The Cinema
" Over the River." At the Empire. " Strictly Confidential." At the Tivoli THERE are so many odd links of resemblance and contrast between these two films that they demand to be noticed together. The efficient energy of Hollywood is apparent in both, but Over the River, adapted from Galsworthy's last novel, has an English setting, an English director—James Whale—and a mainly English cast. Indeed, the insistence on English atmosphere is at times a little too conscientious, yielding an effect of slight caricature. The period is the crisis of 1931, but when Lady Corven returns from Ceylon to her English country home the air is positively thick with feudal emblems—curtsying villagers, respectfully delighted servants, spaniels on the doorstep and suits of armour in the panelled hall. She has left her husband—a scoundrelly baronet—and the story is concerned with his attempts to involve her in a humiliating divorce case. Her rashly innocent friendship with Tony, a young tea-planter out of a job, provides the excuse, and a long, effectively realistic sequence is devoted to the Divorce Court proceedings, complete with truculent counsel and embarrassing cross-examinations.
One difference between this world and the American world of Strictly Confidential is that in Over the River money scarcely matters. When Tony declares himself penniless he means that he has no inherited income ; there is always enough money for anything anyone wants to do. Social obligations,' however, are taken very seriously, and divorce is felt to be painfully degrading. A divorce occurs also in Strictly Con- fidential, but no one makes anything of it, whereas money enters into the plot at every turn. The action here starts in a township dominated by a millionaire widower with four daughters. Three of them are married, and the sons-in-law have been given good jobs in one or other of the family enterprises. But Dan Brooks, who has been made head of a paper-box factory, prefers horse-racing ; suddenly he revolts, leaves his fashionable wife and the paper boxes, and goes off with his horse, Broadway Bill, to try his fortune on the tracks. He has the sympathy and help of the youngest daughter, Alice—a part attractively played by Myrna Loy— but no other resources, and the plot follows his various schemes and stratagems to pay Broadway Bill's entrance fee in time for the big race.
The race-track background is vividly rendered, and the film has a pungent vitality which makes the social discipline of Over the River seem thin and artificial, though Lady Corven's story is smoothly told, and Frank Lawton and Diana Wynyard are at the head of a good cast. The only weak spot— and this is hardly the fault of Colin Clive—is Sir Gerald Corven, who ought really to be called Sir Jasper and should never appear except in riding kit or faultless evening dress. This touch of unreality comes, I think, from Galsworthy's tendency to treat his characters as exponents of a thesis ; he wants to show that our divorce laws are harsh, ugly and out-of-date.

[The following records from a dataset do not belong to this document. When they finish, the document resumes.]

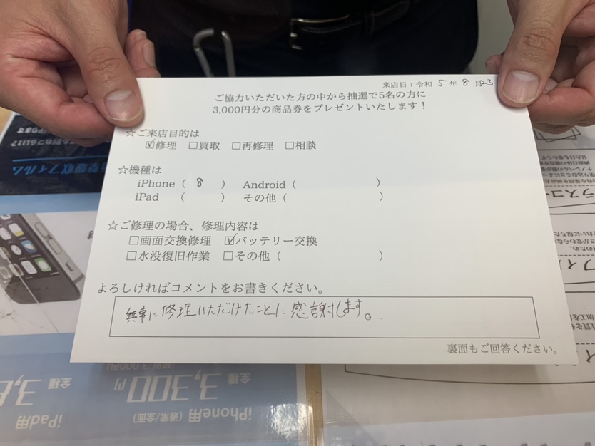 スマホスピタル神戸三宮 iPhone 8のバッテリー交換をしました!
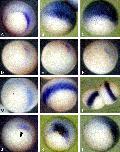 Fig. 2. Localization of SOX7 RNA. In situ hybridization of longitudinally bisected blastula stage embryos reveals the animal hemisphere concentration of SOX3 (A) RNA, while SOX17 RNA is localized to the vegetal region (B). While staining for SOX7 RNA was consistently quite weak, it was clearly restricted to the vegetal hemisphere (C). Embryos at stage 8 were dissected into animal caps (AC) and vegetal masses (VM) (indicated by white line in part A) and then analyzed for SOX7 or SOX11 mRNA by RT-PCR (D) either immediately (st8) or after they had been cultured until control embryos reached stage 16 (st16). Primers for ornithine decarboxylase (ODC) were used as a control for cDNA quality; the absence of reverse transcriptase (-RT) was used to control for the presence of contaminating DNA. At both time points, SOX7 mRNA was restricted to the vegetal mass; under similar conditions, SOX11 mRNA was restricted to the animal hemisphere. (E) A second set of SOX7-specific primers (Table 1 âSOX7 codingâ) was used to confirm the vegetal localization of SOX7 RNA. Animal caps and vegetal masses were prepared at stage 8 and analyzed either immediately (â1â), after 2 h (â2â), or when control embryos had reached stage 27 (â3â); these primers amplified a fragment of the expected size (1kb) that was again restricted to the vegetal mass.
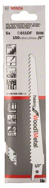 Bosch S 611 DF Heavy for Wood and Metal Lames de scie sabre 150mm, 5 pcs. (2608656258 )
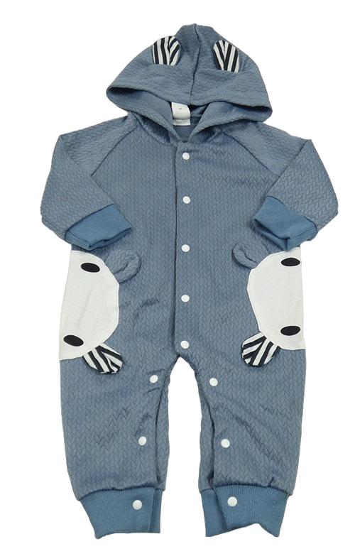 Modrošedá vzorovaná kombinéza s medvědy a kapucí Shein
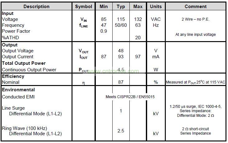 本文介紹采用PI LinkSwitch-PL系列非隔離單級(jí)LED驅(qū)動(dòng)器IC設(shè)計(jì)而成的針對(duì)B10型LED燈泡設(shè)計(jì)的高效率、超緊湊驅(qū)動(dòng)器——DER-297。它的單一恒流輸出功率為4.5W,可輕松配置從35V到100V的輸出電壓,如下表所示。
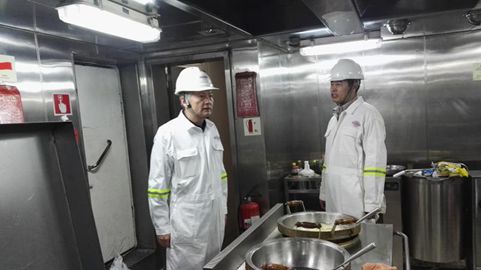 李万锦分别到船舶甲板、货控室、餐厅等单元进行了检查,并和在船船员进行了座谈,简要通报了集团航筹办特殊时期安全工作要求、公司2017年生产经营绩效以及近期安全形势等情况,详细询问了船舶安全管理、船员思想和节日安排等情况,特别是就劳动安全、体系执行以及节日期间烟酒管制等提出具体要求。

A similar motive can be felt in Strictly Confidential, where Dan Brooks stands for the freshness of human impulse against the tyranny of wealth ; but it is harder to sympathize with the difficulties of Lady Corven, for it is never very clear why she should not welcome her freedom, even though she has to go through the Divorce Court to get it.

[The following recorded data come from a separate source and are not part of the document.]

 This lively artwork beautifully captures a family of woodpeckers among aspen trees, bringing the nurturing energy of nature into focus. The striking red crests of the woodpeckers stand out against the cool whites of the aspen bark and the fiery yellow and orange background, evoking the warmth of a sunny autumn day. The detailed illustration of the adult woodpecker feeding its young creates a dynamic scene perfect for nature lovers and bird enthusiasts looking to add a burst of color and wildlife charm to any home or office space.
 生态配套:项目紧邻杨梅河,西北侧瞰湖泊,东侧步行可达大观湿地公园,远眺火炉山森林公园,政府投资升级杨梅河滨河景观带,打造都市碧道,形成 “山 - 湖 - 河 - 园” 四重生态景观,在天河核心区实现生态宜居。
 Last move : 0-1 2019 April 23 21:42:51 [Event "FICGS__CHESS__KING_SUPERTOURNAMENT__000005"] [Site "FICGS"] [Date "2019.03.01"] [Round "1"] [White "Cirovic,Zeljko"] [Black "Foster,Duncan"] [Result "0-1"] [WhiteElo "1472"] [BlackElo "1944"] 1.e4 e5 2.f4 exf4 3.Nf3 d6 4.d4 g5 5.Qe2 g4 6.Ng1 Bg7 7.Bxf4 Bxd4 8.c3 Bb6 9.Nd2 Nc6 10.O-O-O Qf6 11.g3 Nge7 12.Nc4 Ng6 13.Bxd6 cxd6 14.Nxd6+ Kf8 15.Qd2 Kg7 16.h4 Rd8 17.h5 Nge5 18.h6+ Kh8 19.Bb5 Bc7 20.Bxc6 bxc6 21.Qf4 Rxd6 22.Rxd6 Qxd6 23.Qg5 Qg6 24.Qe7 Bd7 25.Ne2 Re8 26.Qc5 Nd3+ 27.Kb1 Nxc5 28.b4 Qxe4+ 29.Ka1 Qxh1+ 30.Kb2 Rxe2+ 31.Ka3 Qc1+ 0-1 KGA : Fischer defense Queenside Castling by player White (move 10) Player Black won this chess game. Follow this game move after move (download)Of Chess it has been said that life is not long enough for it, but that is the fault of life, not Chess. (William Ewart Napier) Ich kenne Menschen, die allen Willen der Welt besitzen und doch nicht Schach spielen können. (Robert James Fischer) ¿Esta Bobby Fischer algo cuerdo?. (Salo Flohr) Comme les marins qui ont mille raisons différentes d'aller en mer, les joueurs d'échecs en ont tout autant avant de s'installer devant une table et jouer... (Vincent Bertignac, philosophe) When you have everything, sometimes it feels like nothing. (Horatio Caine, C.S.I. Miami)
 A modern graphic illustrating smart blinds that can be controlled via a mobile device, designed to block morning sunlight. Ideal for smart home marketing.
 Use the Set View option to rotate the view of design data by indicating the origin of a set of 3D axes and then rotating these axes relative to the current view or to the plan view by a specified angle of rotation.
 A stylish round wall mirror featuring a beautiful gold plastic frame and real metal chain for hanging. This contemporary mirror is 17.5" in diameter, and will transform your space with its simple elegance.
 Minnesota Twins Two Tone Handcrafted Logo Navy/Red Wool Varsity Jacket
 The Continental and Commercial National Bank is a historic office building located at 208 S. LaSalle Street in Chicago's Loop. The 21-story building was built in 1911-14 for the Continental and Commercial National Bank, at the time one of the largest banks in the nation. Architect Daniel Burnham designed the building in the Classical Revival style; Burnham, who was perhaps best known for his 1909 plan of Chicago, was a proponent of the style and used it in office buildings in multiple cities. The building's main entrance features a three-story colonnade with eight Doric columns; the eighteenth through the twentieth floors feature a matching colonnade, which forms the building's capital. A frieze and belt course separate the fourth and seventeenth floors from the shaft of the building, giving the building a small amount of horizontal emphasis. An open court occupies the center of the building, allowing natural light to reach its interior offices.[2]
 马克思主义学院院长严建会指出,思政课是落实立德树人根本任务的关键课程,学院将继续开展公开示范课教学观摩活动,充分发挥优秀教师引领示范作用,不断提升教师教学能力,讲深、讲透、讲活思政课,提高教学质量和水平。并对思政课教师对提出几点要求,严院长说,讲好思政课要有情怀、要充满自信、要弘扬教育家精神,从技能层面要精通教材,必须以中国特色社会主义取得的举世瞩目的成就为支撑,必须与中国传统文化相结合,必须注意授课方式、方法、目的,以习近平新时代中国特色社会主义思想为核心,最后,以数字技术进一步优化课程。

Strictly Confidential, however, is the better film not only for this reason—because it deals with problems and persons far more typical of the present day—but also because it has been directed by Frank Capra with tremendous verve and evident enjoyment. There are minor weaknesses—Warner Baxter, as Dan Brooks, is a trifle too boisterous ; the joining up of events is often ragged ; and the solemn funeral of Broadway Bill is overdone. But the influence of rumour on racecourse psychology is brilliantly indicated ; the race itself is thoroughly exciting ; and into almost every episode there is woven a lively and ingenious mixture of comedy and sentiment. Much of the story follows the pattern of a hundred racing melodramas, but the film is crowded with so much clever detail that it is sure to be a great popular success. CHARLES DAVY.